TO DO:
In the entries below, repeat only the lines between those holding "The actor later" and "双鱼座纹身手稿_45张十二星座之双鱼手稿纹身图案", inclusive. Leave pictures out.
*** Opening of DATA FOR THIS TASK ***
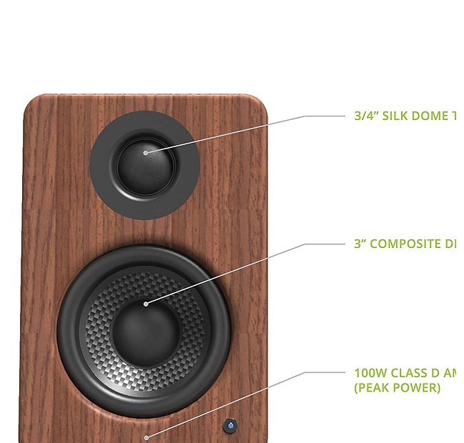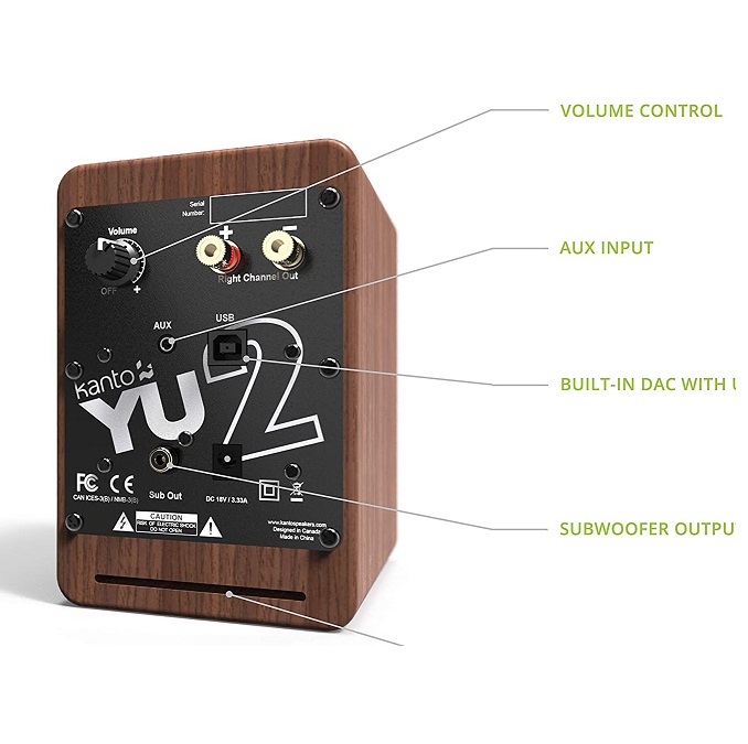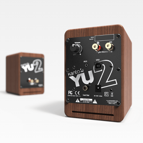 רמקולים עוצמתיים למחשב קאנטו בצבע עץ אגוז Kanto YU2 Powered Desktop Speakers 100Watts 3.5mm Walnut YU2WAL
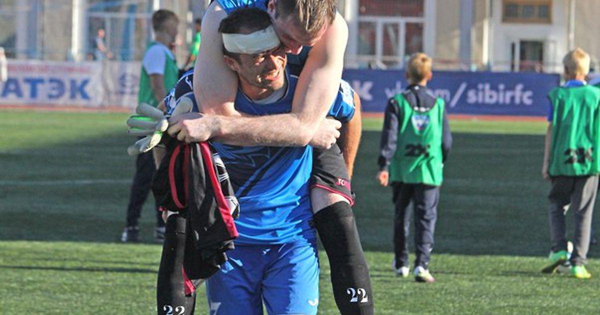 Во втором тайме, уже останавливали кровь и бинтовали голову Евгению Чеботару, несколько минутами ранее он реализовал единственный момент сибиряков в матче.
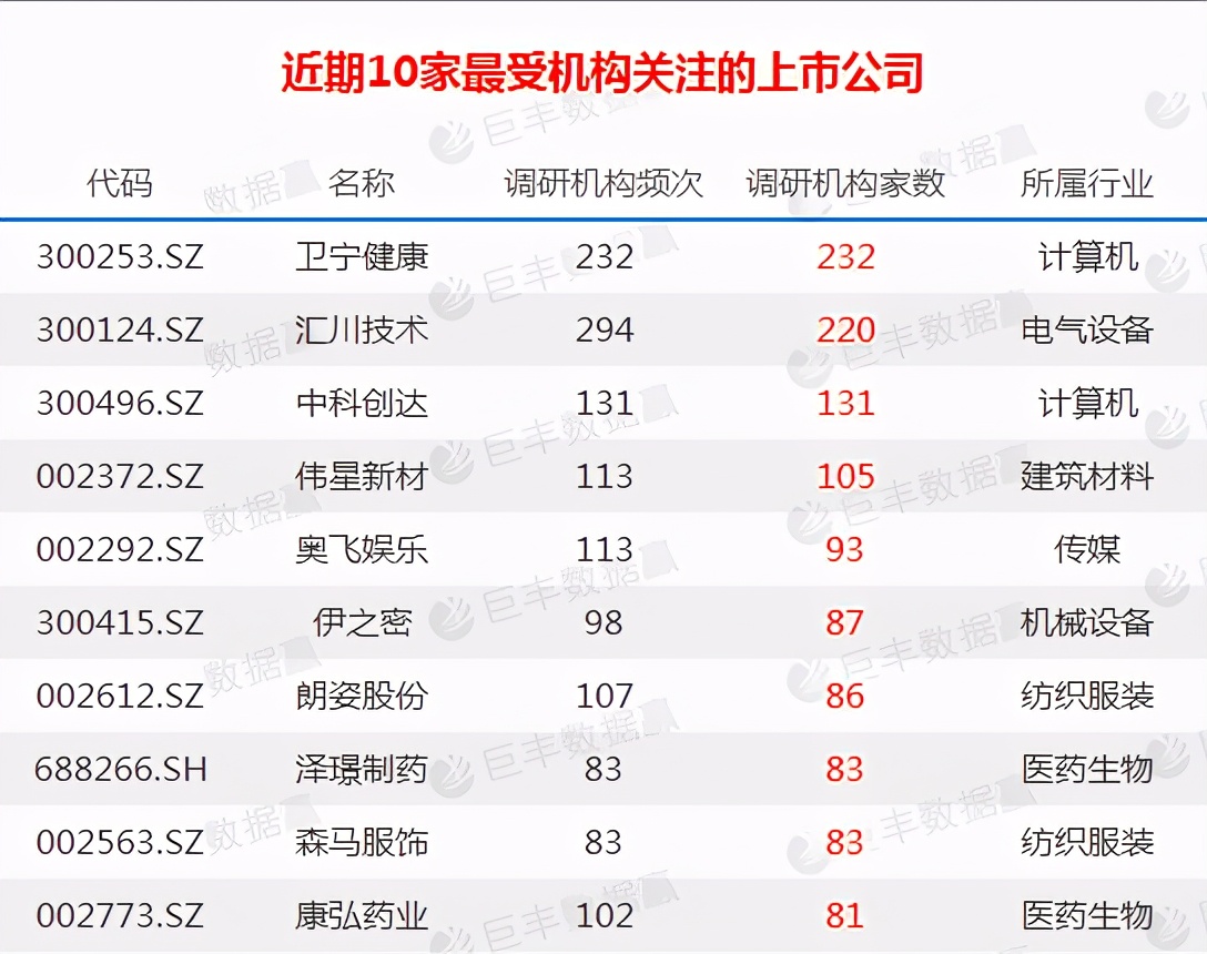从个股数据看,卫宁健康和汇川技术等十家公司受机构调研次数最多,最受关注。
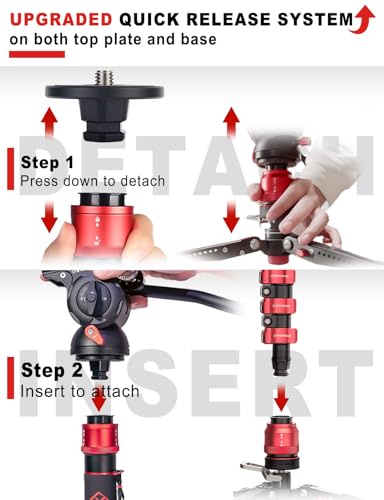 ⭐【Stable Lengthened Monopod Feet】: with lengthened feet, the base diameter is about 13.4″ when fully open, is more stable and is competent enough to work in different envirenment. Adjustable damping on base resulting in more smooth and stable pan and tilt.
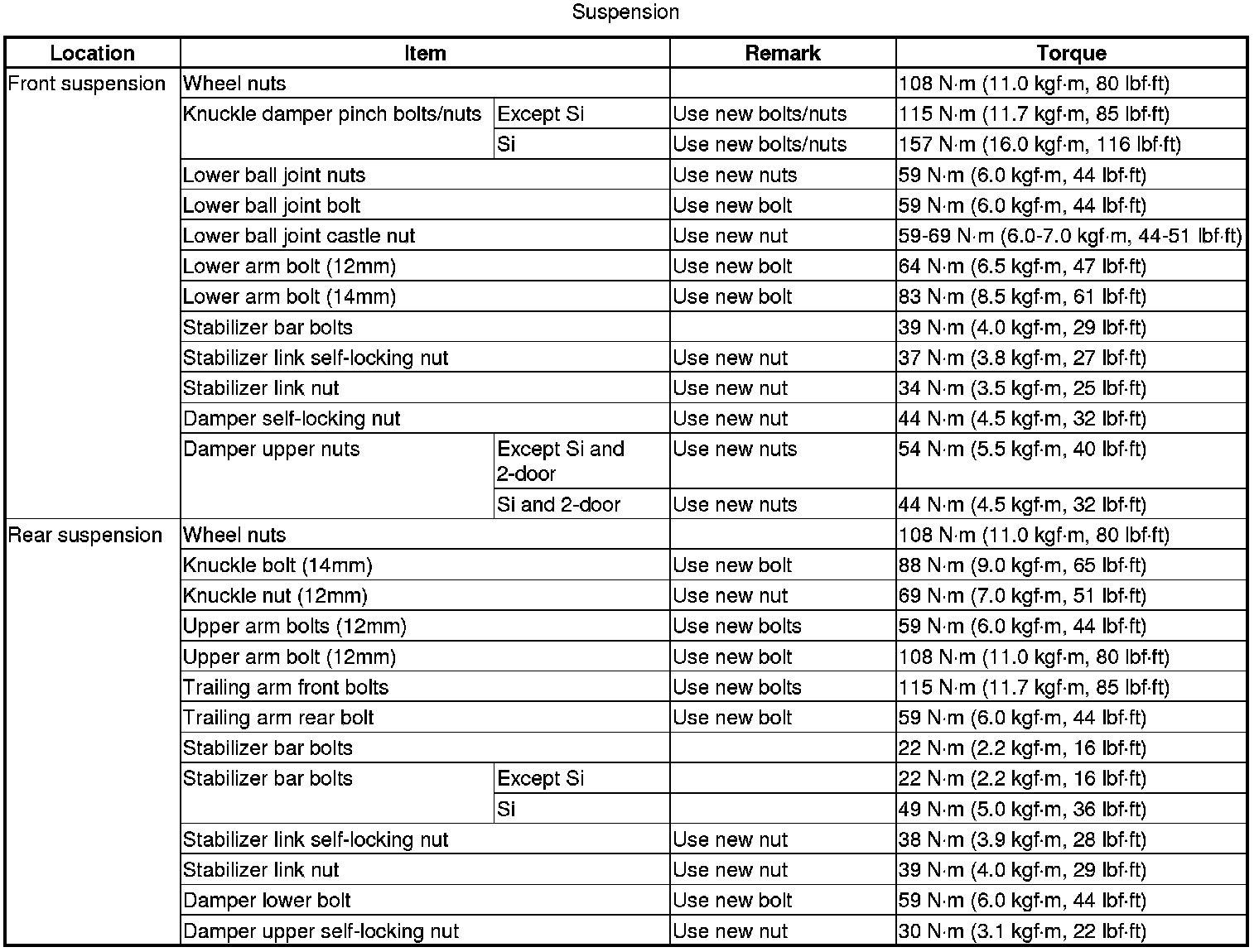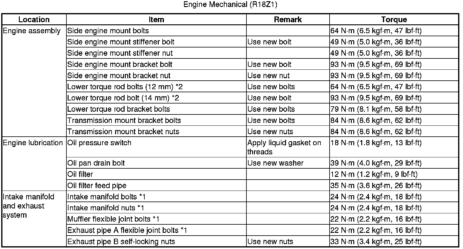 Home >> Honda >> 2012 >> Civic L4-1.8L >> Repair and Diagnosis >> Specifications >> Mechanical Specifications >> Torque Specifications
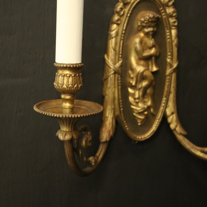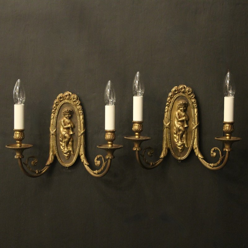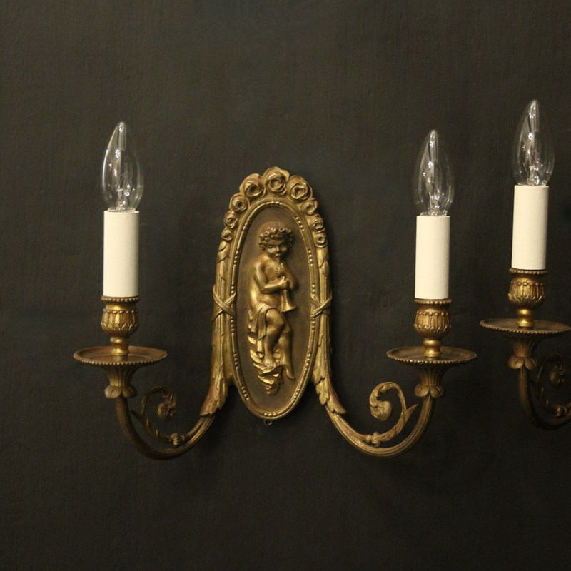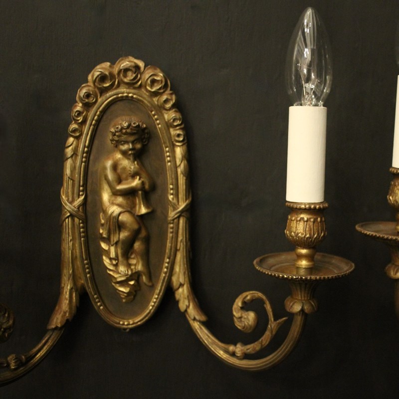 A French pair of gilded brass twin arm antique wall lights, the reeded scrolling arms with trumpet millgrain bobeche drip pans and bulbous candle sconces, issuing from an oval backplate with decorative rose final and central cherubs. Fully rewired and PAT tested. All our wall lights come with aged brass screws or brackets for fixing and spare bulbs.
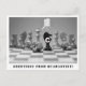 Greetings from Quarantine postcard. Chess pieces and hand sanitizer on chessboard illustrating global struggle against novel covid-19 outbreak.
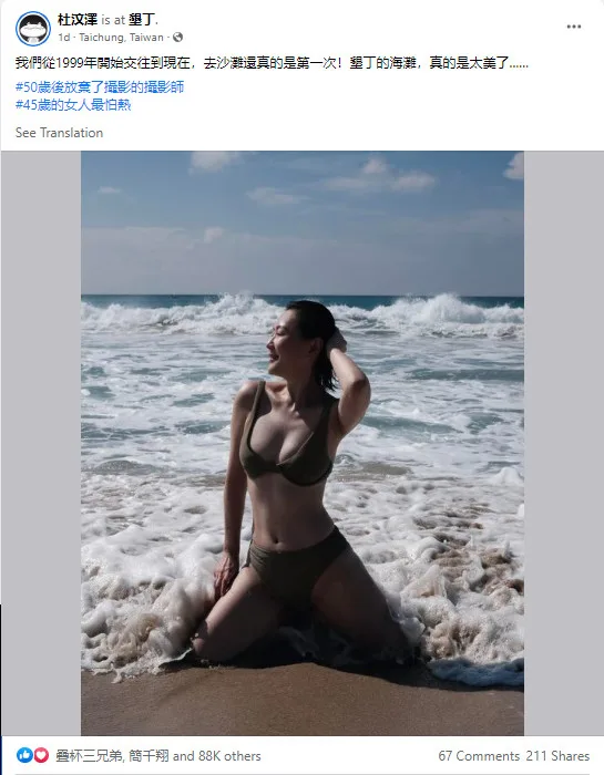 The actor later shared the photo on his Facebook, garnering over 88,000 likes from friends and fans. “This is the first time we’ve gone to the beach since we started dating in 1999,” Chapman shared. “The beaches of Kenting are really beautiful…” He also cheekily tagged, “(A) 45-year-old woman is most afraid of heat” which was apparently a teasing jab at his wife.
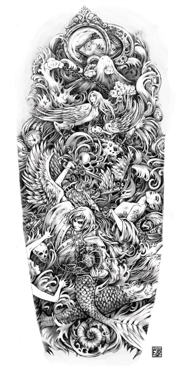 双鱼座纹身手稿_45张十二星座之双鱼手稿纹身图案
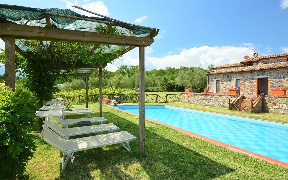 Landhuis "Val d'Orcia", 580 m boven zeeniveau, vrijstaand, omgeven door velden en wijngaarden. Beneden Radicofani, zonnige ligging op een heuvel, te midden van groen. Voor alleengebruik: terrein 1 ha (omheind), tuin op verschillende niveaus, 300 m2 met bloemen, openluchtzwembad geen inkijk (6 x 12 m, 120 - 150 cm diepte, seizoensgebonden beschikbaarheid: 01.Mei. - 15.Okt.). Douche/WC bij het zwembad, tafeltennis, patio, prieel (40 m2), tuinmeubelen, barbecue (glijbaan, schommel). In het huis: internetaansluiting, hot tub, ontspanningsruimte, air-conditioning, alarmsysteem, wasmachine, fietsverhuur. (extra). Kok op verzoek (extra). Parkeerplaats op het terrein. Levensmiddelenwinkel 3 km, restaurant 3 km, bushalte 100 m, thermaalbad "Bagni di San Filippo" 12 km. Attracties in de buurt: San Casciano Dei Bagni 20 km, Vivo D'orcia 20 km, Bagno Vignogni 28 km, Castiglion D'orcia 30 km, San Quirico D'orcia 31 km, Pienza 35 km. Auto noodzakelijk. Geschikt voor families, baby uitrusting op aanvraag. De eigenaar accepteert geen jeugdgroepen. Gesloten residentie met een elektrische deur. De eigenaar biedt gasten een gratis wijnproeverij aan in zijn wijnkelder. Het is ook mogelijk om paardrijtochten of wandelingen te reserveren, op voorafgaand verzoek en afhankelijk van beschikbaarheid (betaling ter plaatse).
*** Close of DATA FOR THIS TASK ***
SOLUTION FOR THIS PROBLEM:
 The actor later shared the photo on his Facebook, garnering over 88,000 likes from friends and fans. “This is the first time we’ve gone to the beach since we started dating in 1999,” Chapman shared. “The beaches of Kenting are really beautiful…” He also cheekily tagged, “(A) 45-year-old woman is most afraid of heat” which was apparently a teasing jab at his wife.
 双鱼座纹身手稿_45张十二星座之双鱼手稿纹身图案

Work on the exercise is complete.